Причина привязанности к христианской парадигме лучших отечественных социологов, ныне возведенных в статус классиков, заключаются отнюдь не в традиционализме или консерватизме их мышления. Она может быть наилучшим образом объяснена с помощью теоремы Геделя, которая в ее упрощенном варианте гласит: "Ничто не может быть понято и объяснено только лишь из самого себя". Социальное далеко не всегда поддается объяснениям через социальное. Экономика не может быть универсальным ключом к загадкам политики, права или морали. Марксистская социология, избравшая этот путь, за полтора последних столетия почти полностью истощила свои эвристические ресурсы. Ее участь лишний раз подтвердила необходимость того, чтобы социологический разум умел выходить за пределы социальности. Однако, вариантов подобного выхода не так уж много: их всего два. Один из них предполагает погружение в мир естественно-природных детерминант (этой возможностью воспользовались фрейдистски ориентированные социологи). Другой заключается в том, чтобы устремиться в сакральную высь трансцендентных детерминант. Он-то и стал той магистралью, которая открыта для христианской социологии. Последняя ориентирована на критерии в виде тех высших смысловых, ценностных и нормативных абсолютов, которые безусловны для христианского сознания. С ними она соотносит, их мерой измеряет значимость интересующих ее социальных фактов, явлений и процессов. Все эти ее свойства отчетливо проступают в социологических штудиях Булгакова.


Глава 2. Социологический подход в изучении раннего христианства


На протяжении последних тридцати лет изучение раннего христианства переживает значительный подъем, вызванный, с одной стороны, открытием и публикацией новых источников (рукописи Кумранской общины и Наг-Хаммади), а с другой - появлением новых подходов к уже известным данным. Если исследование истории Церкви первых веков традиционными средствами "в последнее время остановилось и, в сущности, ничем не отличается от того, что происходило в 60-е годы", то привлечение для анализа исторических источников социологических методов и концепций вдохнуло новую жизнь в изучение раннего христианства. После Второй Мировой войны в Европе и в Соединенных Штатах все активнее для решения проблем, традиционно рассматривающихся в рамках философии, психологии или даже филологии, применяется социология. В истории христианства эти методы были использованы сначала для исследования Нового Завета (изучение фигуры Христа, взаимоотношение первых христиан и иудеев и др.), а затем - и других текстов и явлений.

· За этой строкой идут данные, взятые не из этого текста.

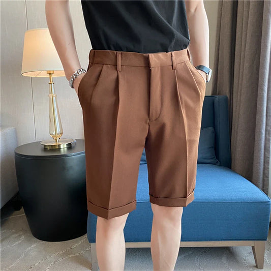 saferido British Style Summer Suit Shorts Men Clothing Straight Business Formal Wear Slim Fit Casual Short Homme Knee Length Quality
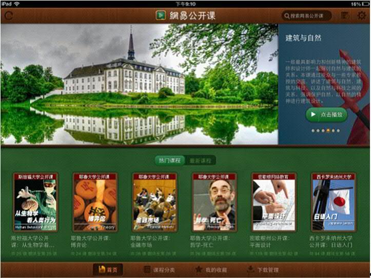 這次上線的新版,全新設計的界面使整個版面更加美觀,為用戶帶去簡潔舒爽的視覺感受;新增的課程篩選功能讓搜索更加便捷,在提升便利性的同時節省大量寶貴時間;下載、收藏頁面的附加功能讓課程管理清晰化成為可能,讓用戶在享受知識的同時感受有序性的使用體驗;為了讓每一位用戶在第一時間內了解到最新的課程,全新上線的網易公開課 iPad 版客戶端還增添了首頁刷新的功能,讓隨時隨地共享世界大師級先鋒思想成為可能。
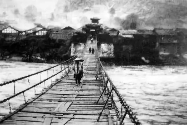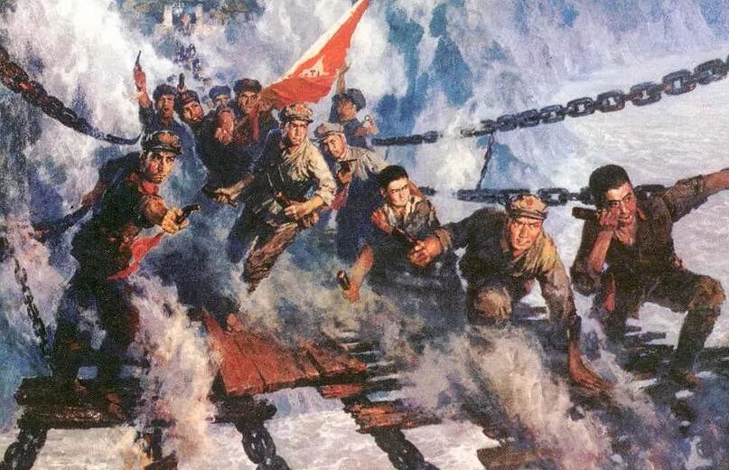这些川军常年都是收税的,谁打过仗啊。结果吓得是点了门楼子就往后山逃跑,往泸定镇后边的森林逃跑,这时候红军开始一边铺板子一边开始爬桥,走到中间,火已经着起来了,结果突击队队长就犹豫了,回头望,看首长怎么说,团长政委高喊,同志们呐,犹豫不得呀,冲过去呀,结果红军就往上冲,冲了以后,脱下衣服来拿衣服扑火,终于把泸定桥给夺下来了。所以这是真实的飞夺泸定桥。
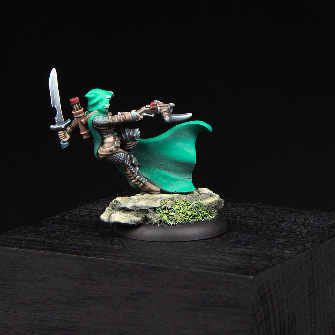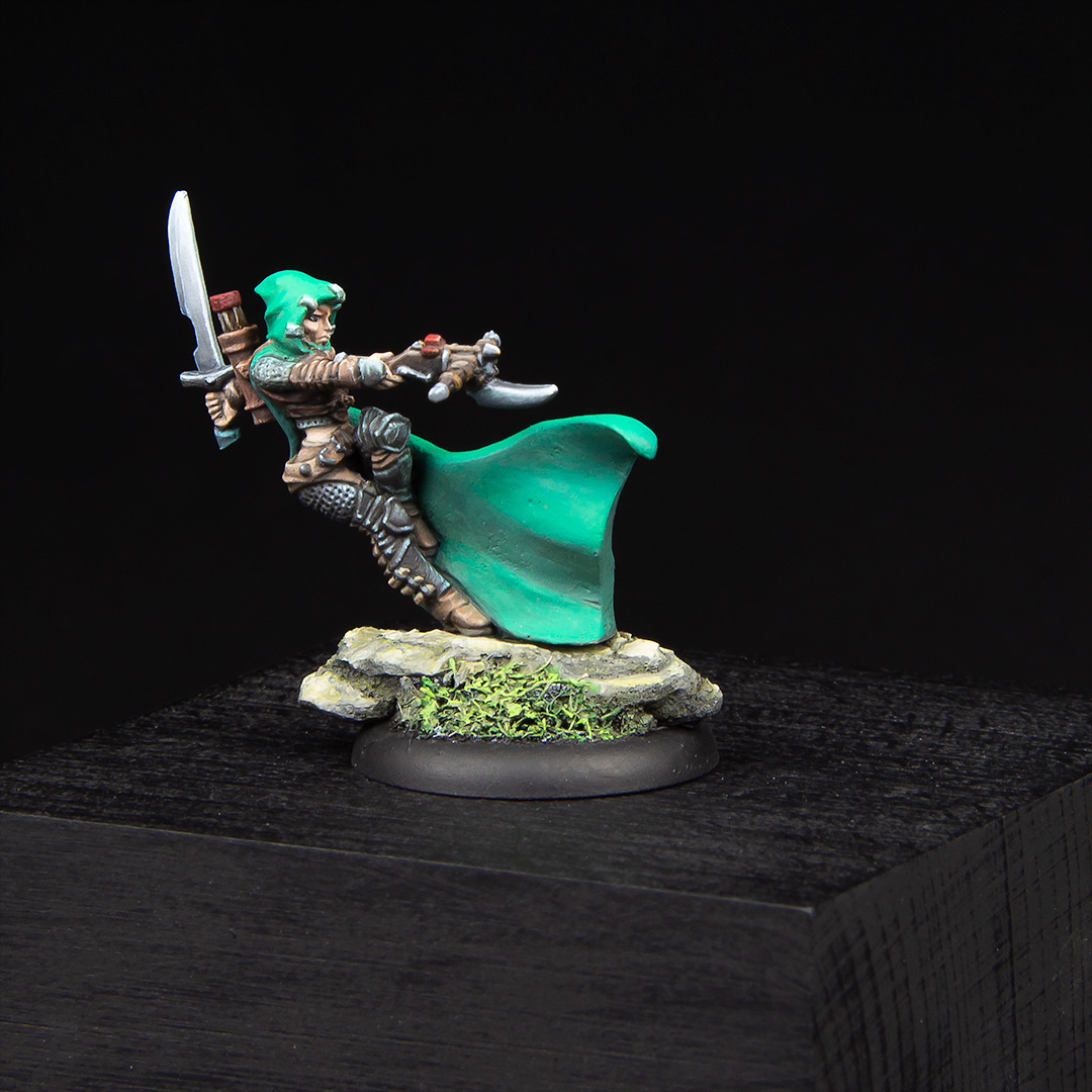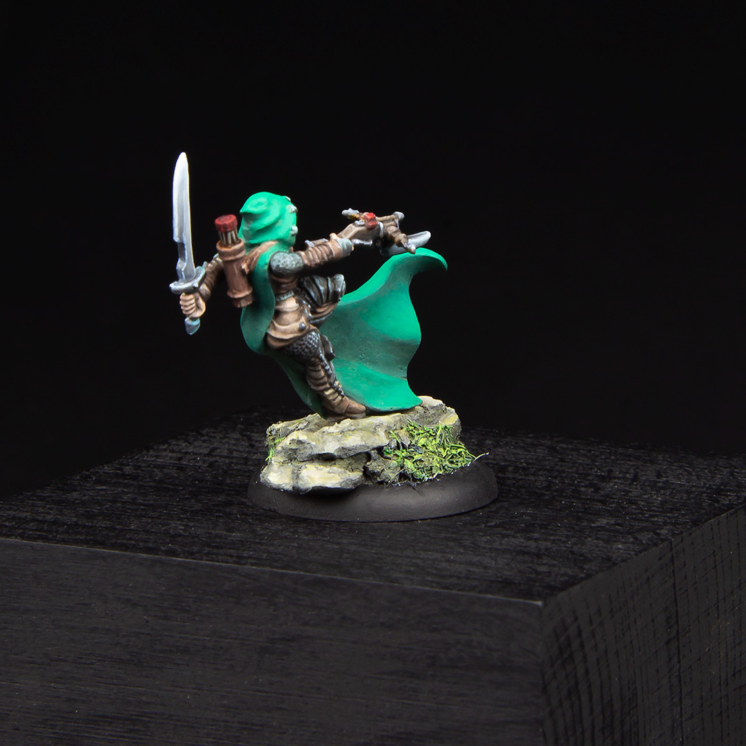 Eiryss, Mage Hunter of Ios is a commission work for a fellow Warmachine player. The aim was to give her a vividly coloured cape, but at the same time to place her in a realistic environment and make her look natural.
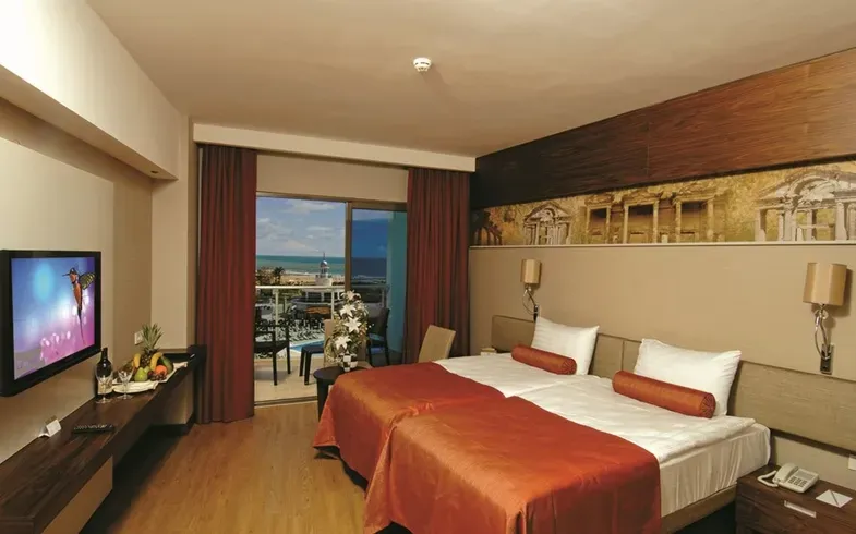 K dispozícii je tiež množstvo večernej zábavy vrátane tanečných vystúpení a tematických tureckých večerov, takže v tomto hoteli nikdy nie je nuda. Završte to všetko hýčkaním v hotelových kúpeľoch, kde nájdete saunu, tradičné turecké kúpele a masážne miestnosti pre skutočne nezabudnuteľnú dovolenku.
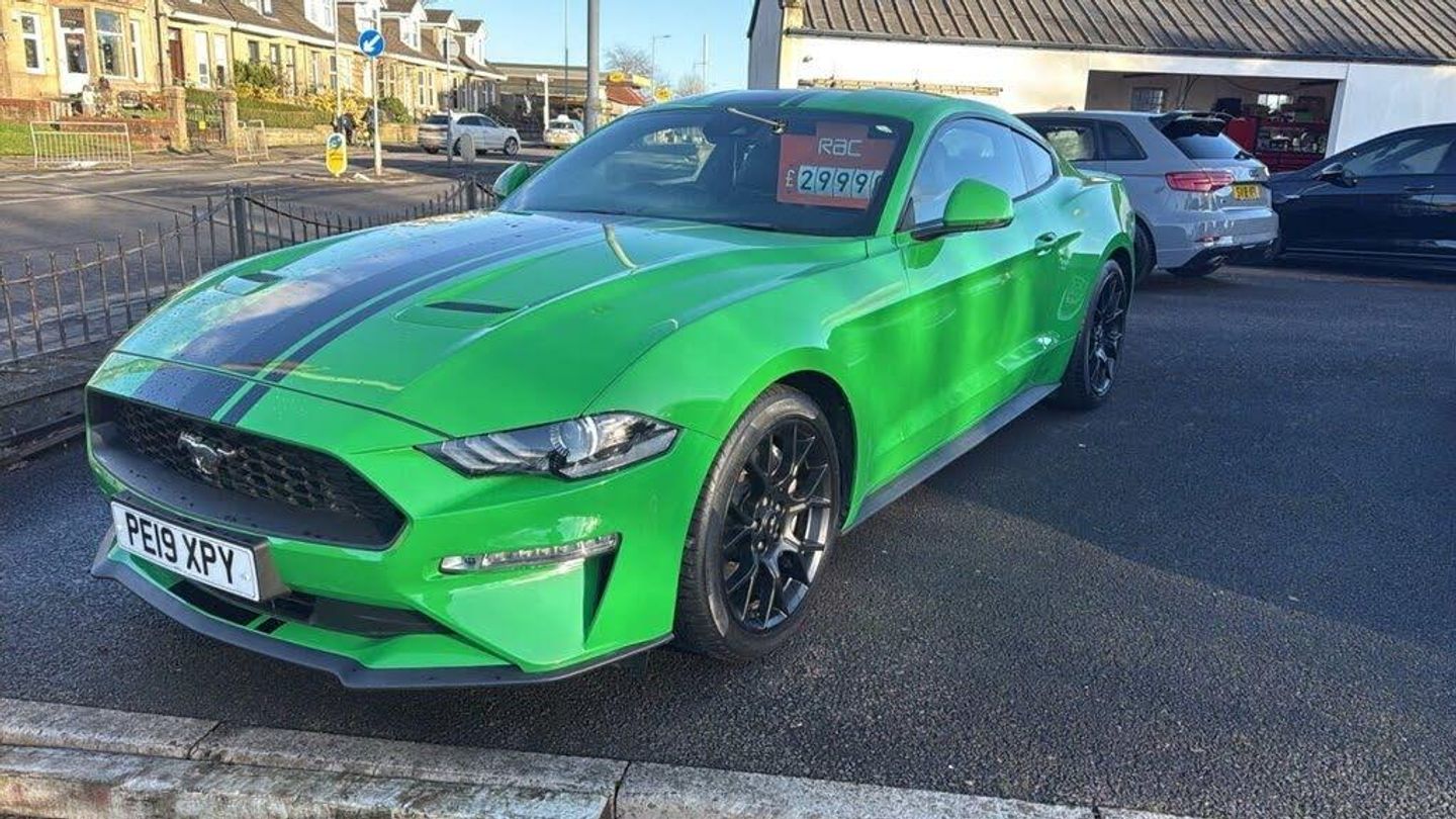 Here we have a stunning Mustang 2.3 Ecoboost Fastback Auto 290bhp (Euro 6) in Need for Green with Black Leather Interior . The Car has covered only 25000 miles and has a good maintenance history . Options include 19" Black Alloys , Multi Function Steering Wheel with Paddle Shift , Bluetooth with Touch Screen Sat Nav (Ford SYNC3) , Electric folding Mirrors , Keyless Go , Heated and Cooling Seats , Park Distance Control , Digital Dash , Climate Control , Cruise Control , DAB , Electric Seats and Front Fogs . The car will come with 6 months RAC Warranty , 12 Months RAC Roadside Assistance . Part Exchange is welcome . Call us today on 01417781692 to secure or enquire further

Что же такое социология раннего христианства? Немецкий исследователь Герд Тайссен определяет ее как описание и анализ типичных межличностных взаимоотношений, которые были характерны для членов раннехристианских групп2. Особое внимание уделяется эксатраординарным событиям, конфликтам, эксплицитным и имплицитным нормам поведения, использованию символов, инновацям, причинам их успеха или неудачи и переходу от харизматической к институциональной модели общины. Социология раннего христианства истолковывает новозаветные тексты при помощи аналогий, которые основываются на материале других религиозных движений. В тех случаях, когда ранняя Церковь сравнивается с современными ей течениями, например, ессеями или фарисеями, особое внимание уделяется их различиям. Когда, напротив, раннее христианство сопоставляется с движениями, которые принципиально отличаются и по времени, и по культурному окружению, подчеркиваются общие моменты. Социологический подход оперирует такими понятиями, как аномия, харизматический пророк, рутинизация харизмы, коллективные эмоции, легитимация. Он пытается объяснить значение слов и идей, исходя из исторического и культурного контекста. Этот подход в большой степени соответствует тому, что в библеистике называется Sitz im Leben. Социологический подход может помочь в "определении места" документов (географического, хронологического, группового, традиционно-исторического окружения), в понимании роли отдельных групп и носителей традиции и процессов, которые привели в гармонию противостоящие группы, определении взаимоотношений между идеологией и реальной деятельностью, и особенно того, в какой степени теологические положения были обусловлены исторически.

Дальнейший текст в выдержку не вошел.